= Sam Barnard (actor) =

English actor

Sam Barnard (born 21 October 1985 in Chatham, Kent, England) is a British actor with Down syndrome who has appeared in several British television dramas and public information films.

== Biography ==
In 2007, Barnard auditioned for a place on the "Staging Change" acting course for actors with learning disabilities, run by Mountview Academy of Theatre Arts and Mind the Gap Theatre Company. He was offered a place on the course and completed it in 2008. He appeared (uncredited) in one episode of BBC's EastEnders in 2007. In 2008 he appeared in The Oxford Murders, starring John Hurt and Elijah Wood, and later that year, he appeared in the "Thorpe Park" episode of Channel 4's The Inbetweeners.
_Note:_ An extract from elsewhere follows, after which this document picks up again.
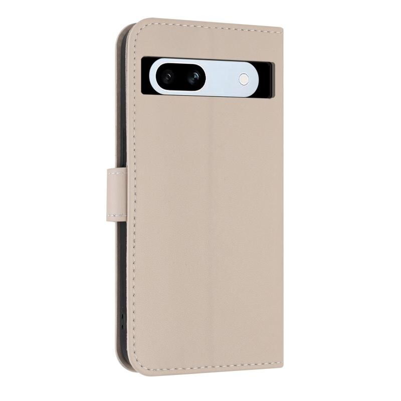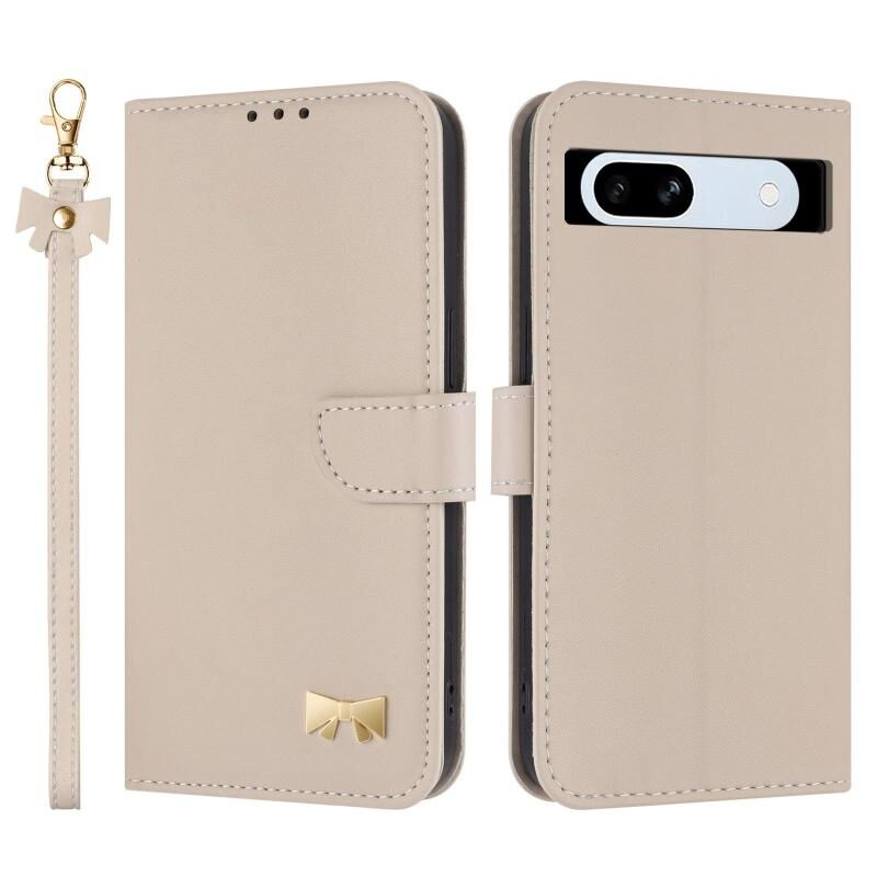 For Google Pixel 7a Metal Bow Leather Phone Case with Hand Strap(Apricot)

In 2009, Sam appeared in and co-directed the short film Crime Report for ITV Fixers. He played lead roles in the short films Bully for You, produced by Voice UK and the Ministry of Justice in 2010 and See My Ability, produced by Derbyshire County Council and the Crown Prosecution Service in 2011. In 2012, Barnard co-directed the music video for Rocky and the Natives' single "Oyster Girl". In the same year he starred in ITV's feature-length film drama The Suspicions of Mr Whicher: The Murder in Angel Lane, performing alongside Paddy Considine and Olivia Colman.
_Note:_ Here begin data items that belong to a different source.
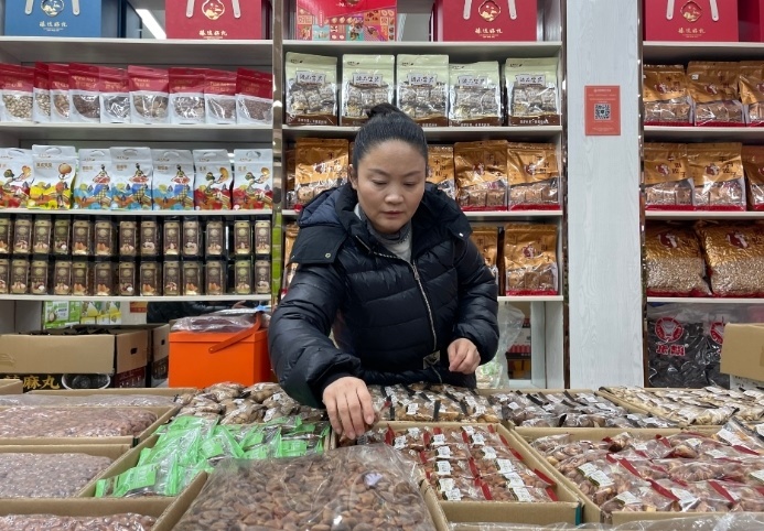 這是湖南長(zhǎng)沙高橋大市場(chǎng)堅(jiān)果經(jīng)銷商李海麗在整理貨物。新華社記者 余春生 攝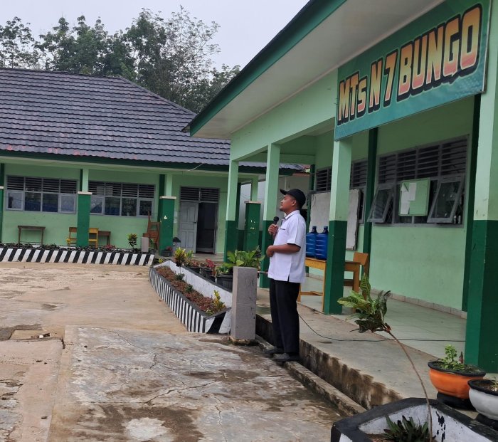 Tanah Tumbuh (MTsN 7 Bungo) - Kepala MTsN 7 Bungo, Bapak Firdaus.Ar, S.Pd.I, kembali memimpin kegiatan apel di madrasah sehari setelah seluruh rangkaian Asesmen Sumatif Akhir Semester (ASAS) Ganjil Tahun Pelajaran 2025/2026 resmi berakhir. Apel tersebut dilaksanakan pada Senin (8/12/2025) di halaman utama MTsN 7 Bungo dan diikuti oleh seluruh siswa dengan tertib dan penuh khidmat.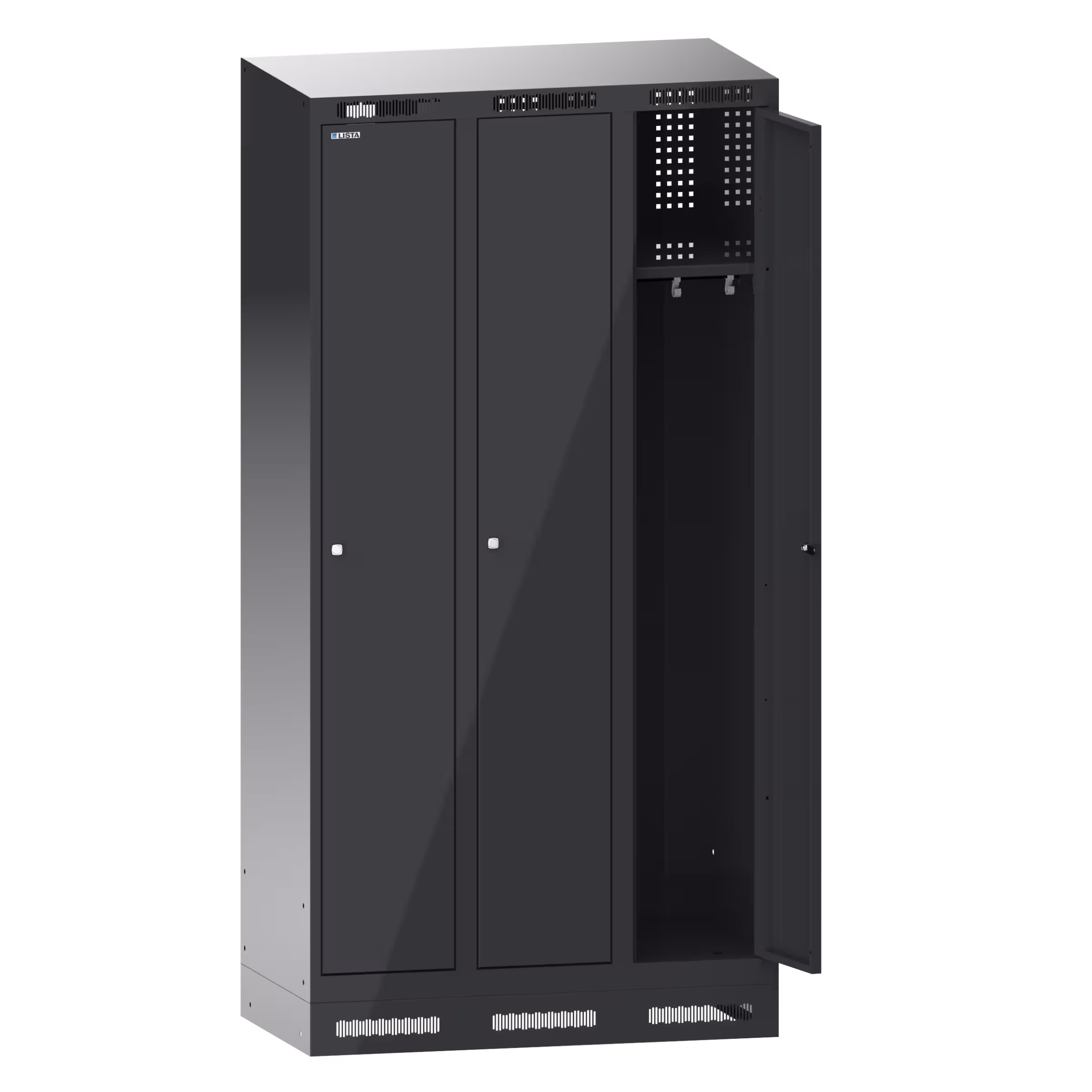 Armoire-vestiaire de charge de batterie (LxPxH) 900x585x1800mm 3 compartiments avec socle, porte lisse Type D/Schuko 2x230V KEY Lock Gris anthracite RAL 7016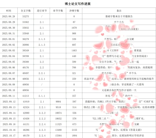 在中研院的时候,吕妙芬老师对我们说:最终决定博论质量的,往往是写博论的时间。[斜眼R][斜眼R] 去年此时,我花了小半年时间精雕细琢开题报告,当时总觉得这样的奢侈投入有点浪费,但现在看来非常值得,内容稍作改造就能成为博论的第一章。 在台北的半年,博论一直停滞,直到8月28日,我才新建第二章文档,坚持每天推进(因办会中断两天),到9月16日完成基础内容。9月下半月转而修改两篇跟博论无关的小论文,写作再次暂停。直到昨天重新捡起来写,在这个平凡的周五晚上,彻底完成第二章,总耗时20天。 没有说我写得快、写得好的意思,但博论初试水的经历让我觉得很奇妙: 1⃣好的选题和合理的提纲是成功的全部,动笔前想好每节要处理什么问题,不要只盲目追求字数。 2⃣文有文气,一旦开始,不要中断。但执行时有很多阻力:生病、办会、出差……别搁置太久,否则找回状态又需要时间。 3⃣总有状态差、不想写的时候,可以选择调整格式、粘贴文献、整理文献库、阅读专著,学习他人的研究方法、材料运用、行文逻辑。 4⃣论文各部分相互关联,有的节点在写到后期进行回溯时才能明白,像研究方法、每章小结、章节衔接等可以暂时搁置,留待日后补充。 5⃣在第一轮写作时就做好记录。脚注把所有信息页码等写完整,建议用表格来记录写作进度以便回溯,一定要及时备份! 接下来,我还想做个写作实验:选取博论中的两章,一组采取大论文的传统写法,一组则先单写小论文、最后整合成章。刚完成的第二章用的是前一种方法,接下来想以第五章为例,试试后一种方法。[大笑R][大笑R] 好想快点写完博论,快进到毕业的那天啊!欢迎有经验的朋友分享写作心得。[色色R][色色R]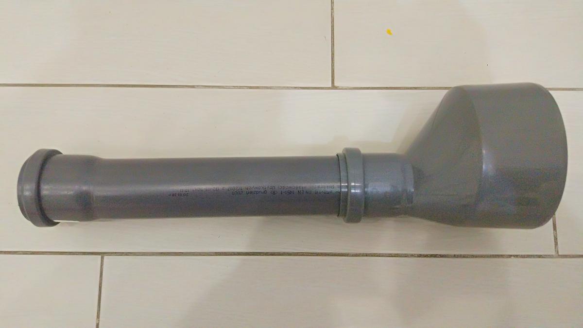 По своей сути труба сделана из двух кусков пластмассы. Два конуса одинаковой длинны, вставлены один в один и соединены шурупами. При движении воздушный поток разделяется на две части, что в свою очередь приводит к большему распространению в воздушном пространстве.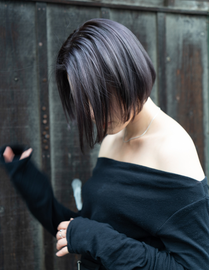 さまざまなシーンによって表情を変える透明感のあるすみれ色のボブスタイル。

Barnard featured in the first and second, third and fifth series of Channel 4's The Undateables (2012, 2013,2014). He was a guest on Channel 5's live chat show LIVE with Kaye Adams and on ITV's This Morning. Barnard was a member of the expert panel for The Undateables Masterclass at the 2013 Guardian International Television Festival in Edinburgh. In 2017 he appeared as Andrew in Episode 1 of Series 3 of the television drama Grantchester. and as Darren Tailor in BBC TV drama "Casualty". Sam became the first actor with Down's Syndrome to star in a professional Pantomime as the Giant's Henchman in Jack and the Beanstalk at the RCC Theatre, Rye in 2017.

Around Christmas 2020, Sam starred in a BBC podcast drama called Missing You, playing alongside June Brown.

In September 2025 Sam was cast as Gus in the upcoming film The Man with the Plan about the Beveridge Report, by Sands Films.